Outlook India - December 22, 2013

Israel today described the reported US wiretapping of the country's premier as "unacceptable" amid renewed calls for the release of Jewish spy Jonathan Pollard, currently serving a life sentence in an American prison.

"We have of late exceptional intelligence relations with the US and the British, it's almost one intelligence community," Israeli Intelligence Minister Yuval Steinitz said.

"Under such conditions I think it is unacceptable," Steinitz said yesterday while reacting to a New York Times report that secret documents revealed by NSA whistleblower Edward Snowden showed that US and British intelligence had tapped the communications of then Israeli premier Ehud Olmert and Defence Minister Ehud Barak during 2008-11.

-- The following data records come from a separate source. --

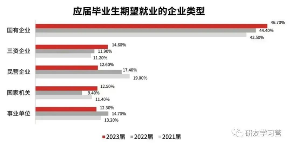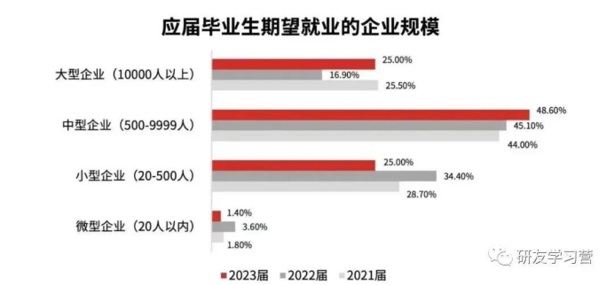 从毕业生偏好的企业类型看,国企仍是毕业生首选;对于企业规模的选择,中型企业为毕业生首选。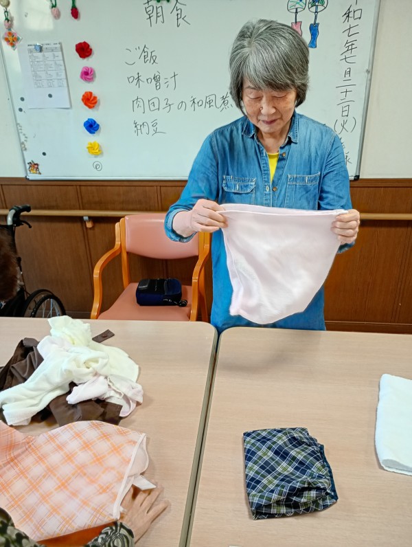 今回のブログでは朝早くから洗濯物を畳むのを手伝ってくださるご利用者様の様子を見せします♪♪
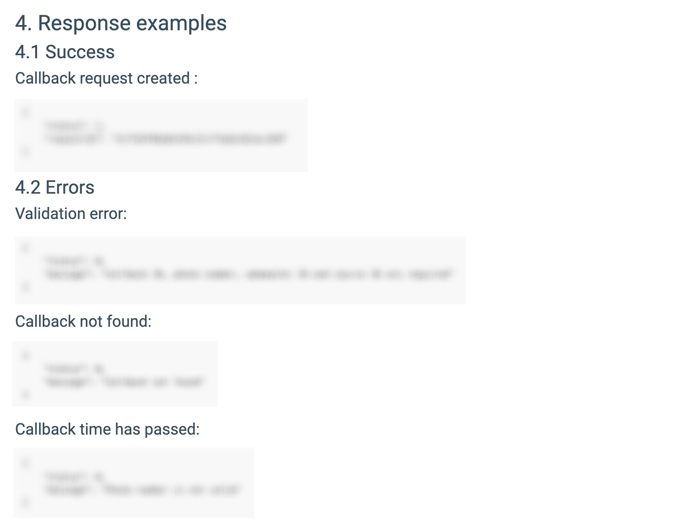 - Response examples: The examples of the responses that can be obtained after sending the API request for a successful request ("Success") and various error scenarios ("Errors").

"We do not spy on the president of the US or the White House. The rules have been made clear. We have made certain commitments on the matter and we honour them," said Steinitz.

Lawmaker Nachman Shai, who served as a diplomat in Israel's Washington embassy in the early 1980s, said Israel and the US had agreed not to spy on one another in the wake of the 1985 arrest in Washington of Jonathan Pollard, a former US Navy analyst who gave Israel thousands of secret documents about espionage in the Arab world.

Pollard was sentenced to life imprisonment 29 years ago, and the report that the US spied on Israel has led to renewed calls for his release.

"The secret is out. The US is systematically spying on the defence and diplomatic leadership here in Israel. Is this how friends treat each other? Pollard was arrested for much less," Transportation Minister Yisrael Katz said.

Another MP from Prime Minister Benjamin Netanyahu's Likud party, Tzahi Hanegbi, said, "If it (allegation of US spying on Israel) is true, Pollard's cell door should be opened and he should be allowed to go home before this day is out."

Netanyahu, however, tried to calm his colleagues by saying that Israel should not refer to one specific incident to deal with Pollard's release.